We now discuss the operations of Glider's predictor in more detail. For details on other aspects of the replacement policy, including insertion and eviction, we refer the reader to the Hawkeye policy [20].
Training. Glider is trained based on the behavior of a few sampled sets [20, 40]. On access to a sampled set, Glider retrieves the weights corresponding to the current PC and the PCHR. The weights are incremented by 1 if OPTgen determines that the line should have been cached; it is decremented otherwise. In keeping with the perceptron update rule [27, 52], the weights are not updated if their sum is above a certain threshold. To find a good threshold, Glider's predictor dynamically selects among a fixed set of thresholds (0, 30, 100, 300, and 3000). While this adaptive threshold provides some benefit for single-core workloads, the performance is largely insensitive to the choice of threshold for multi-core workloads.

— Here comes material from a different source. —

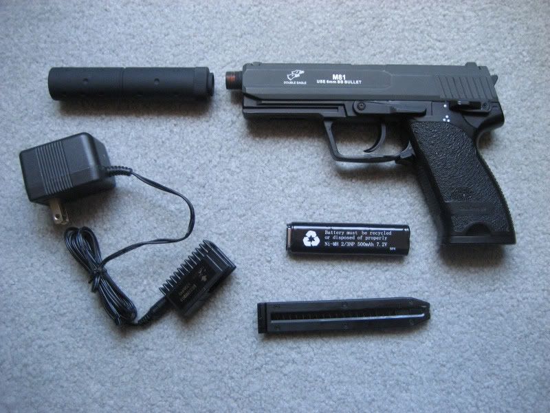 For $45 + Shipping You get 1 DE M81 USP Tactical in like new condition, 1 30rd USP AEP magazine, 1 7.2V 500mAh NiMH AEP battery, and 1 AEP battery charger.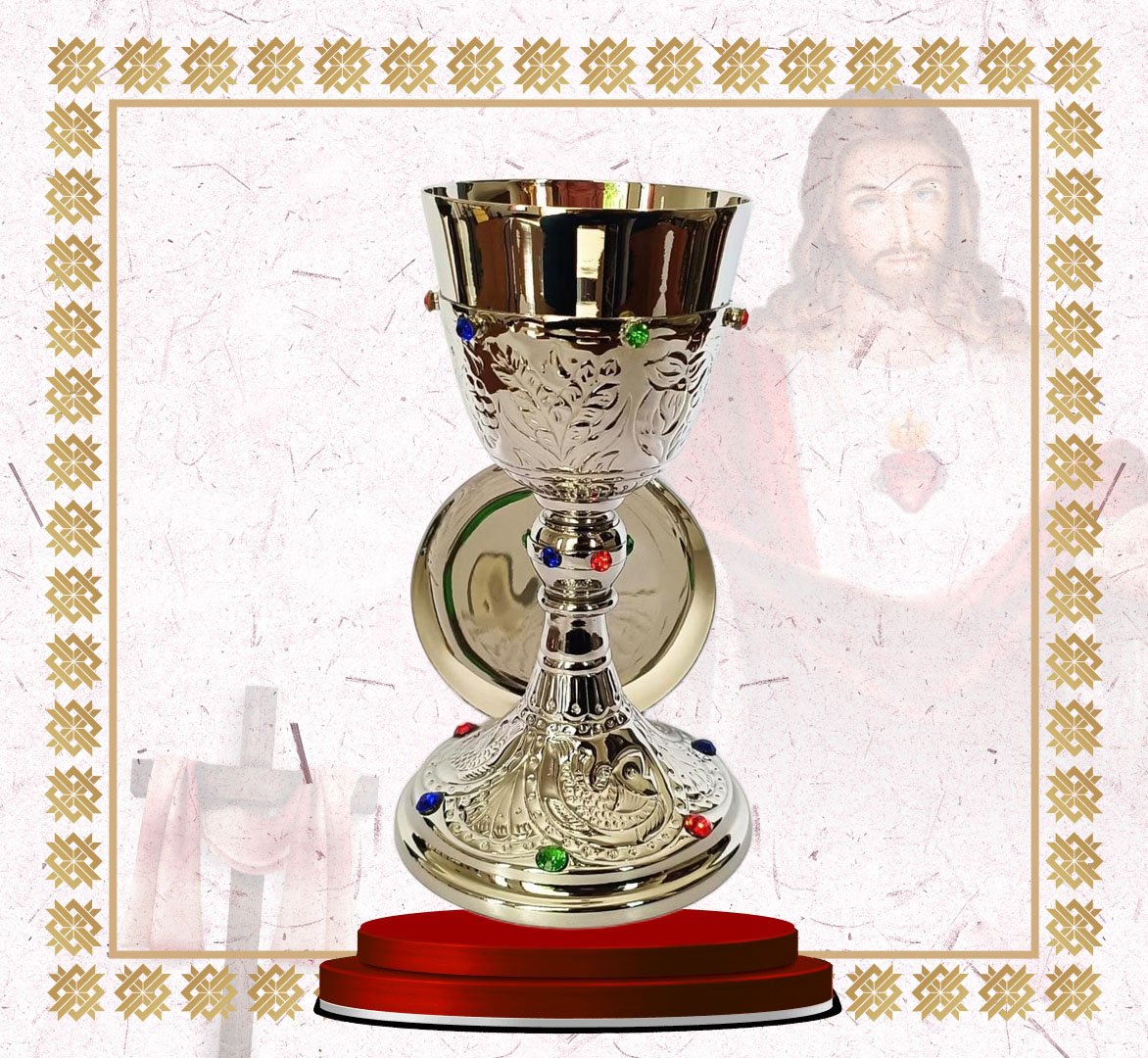 This magnificent silver chalice radiates sacred elegance with its intricate vine engravings and jewel-studded accents. Crafted from premium liturgical metal, the polished silver finish complements the vibrant stones that symbolize the diversity and unity of faith. Designed for durability and reverence, it enhances the beauty of the altar and enriches the Eucharistic experience.

Prediction. To make a prediction, the weights corresponding to the current PC and the PCHR are summed. If the summation is greater than or equal to a threshold (60 in our simulations), we predict that the line is cache-friendly and insert it with high priority (RRPV=07 ). If the summation is less than 0, we predict that the line is cache-averse and insert it with low priority (RRPV=7). For the remaining cases (sum between 0 and 60), we determine that the line is cache-friendly with a low confidence and insert it with medium priority (RRPV=2).